Like it, but there a few things.

1. I have the feeling that the reading of packets is very delayed.
2. To know the library better i tried to make a simple Syn Scanner.

_packetCommunicator = _livePacketDevice.Open(65536, PacketDeviceOpenAttributes.Promiscuous, 1000);

new Thread(delegate()
{_packetCommunicator.ReceivePackets(0, HandleResponse);}).Start()

foreach(Endpoint endPoint in endPoints)
{
    SendSyn(endPoint.Address, endPoint.Port);
}
.........................................
private void HandleResponse(Packet responsePacket)
{
    if (tcpDatagram.ControlBits != (TcpControlBits.Synchronize | TcpControlBits.Acknowledgment))
       return;

    if (SequenceNumber != tcpDatagram.AcknowledgmentNumber - 1)
       return;

    openEndPointItems.Add(ipV4Datagram.Source, tcpDatagram.SourcePort);
}
................................................

I send synchronise packets to different hosts and handle the response as an open port. This seems extremly fast. Just need some seconds for 1000 ip's.
But after 600-1200 ip's i dont get any response from my sendet synchronise packets. I wondering what is blocking. Its SendPacket(send without any exception) or ReceivePackets(still gets some other packets).
What is freaky "allways a unamed thread exits before this happends and its not my thread).

I dont think its my os (WinXP) with some querky settings. Nmap runns and other scanning software runs as well.
What happend when i send a synchronise without an reset ? Is there a open connection for the os or networkcard or they dont think about the packets sendet by capturing ?
Where is my bottle neck ?

brickner

Coordinator

Jun 4, 2011 at 8:25 PM

Your OS does get the packets send to it.

It will either ignore them or send a RST packet probably.

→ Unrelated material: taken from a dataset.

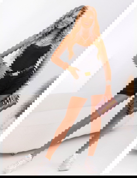 Czarny prążkowany top z koronkowymi ramiączkami Blaqie
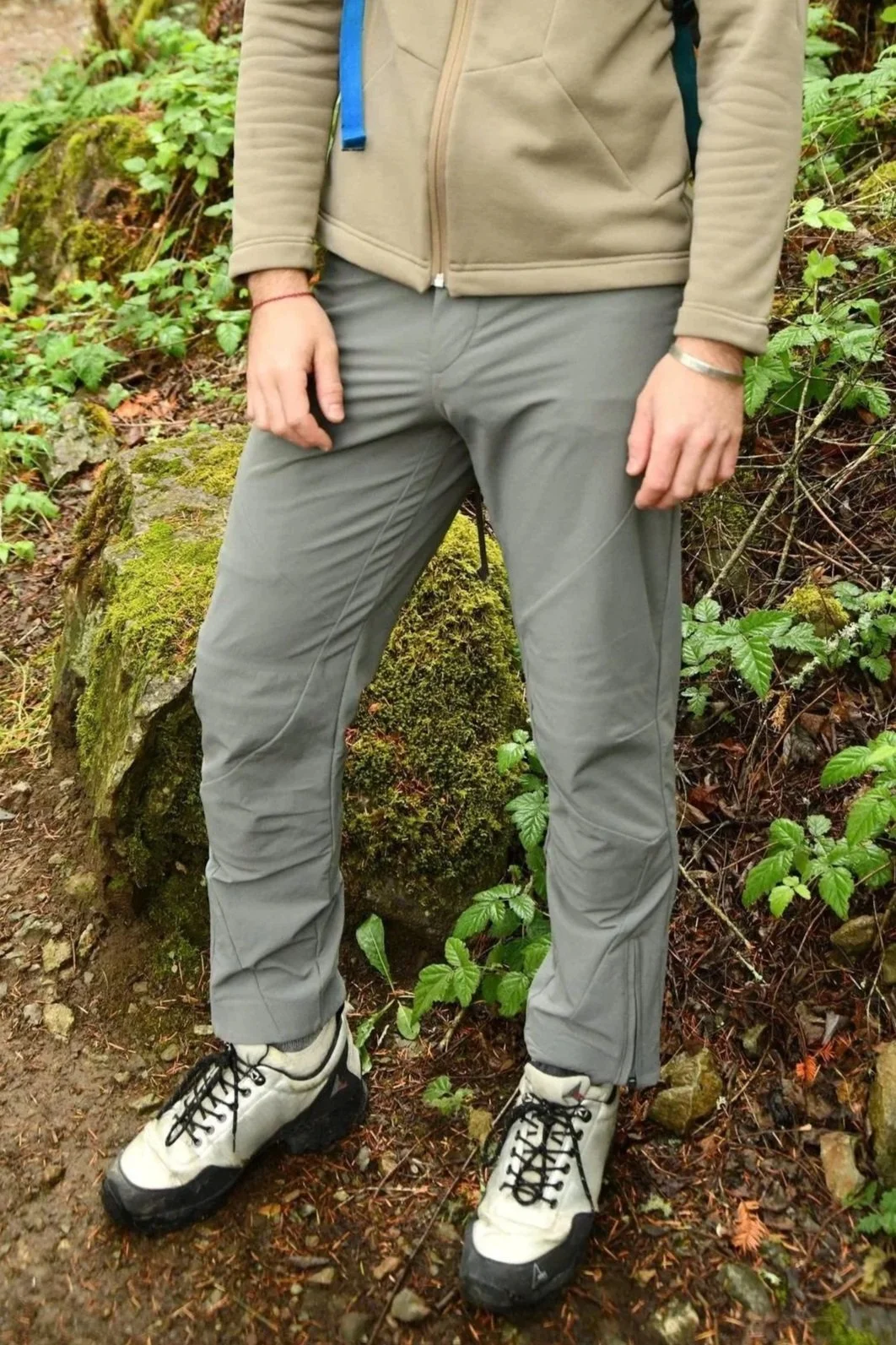 Adjustable Hem: Zippered gussets with welted tape coverage for compatibility across various outdoor footwear.

Look at Wireshark what packets are sent and received and see whether you just stop sending packets or packets stop arriving.

If you just stop sending packets it means there is something wrong with the code you wrote, you can try adding debug logs.

If you stop receiving packets it might be because of various reasons. Something is blocking your sent packets, the receiver of your packets ignores them or something is blocking the packets sent from it.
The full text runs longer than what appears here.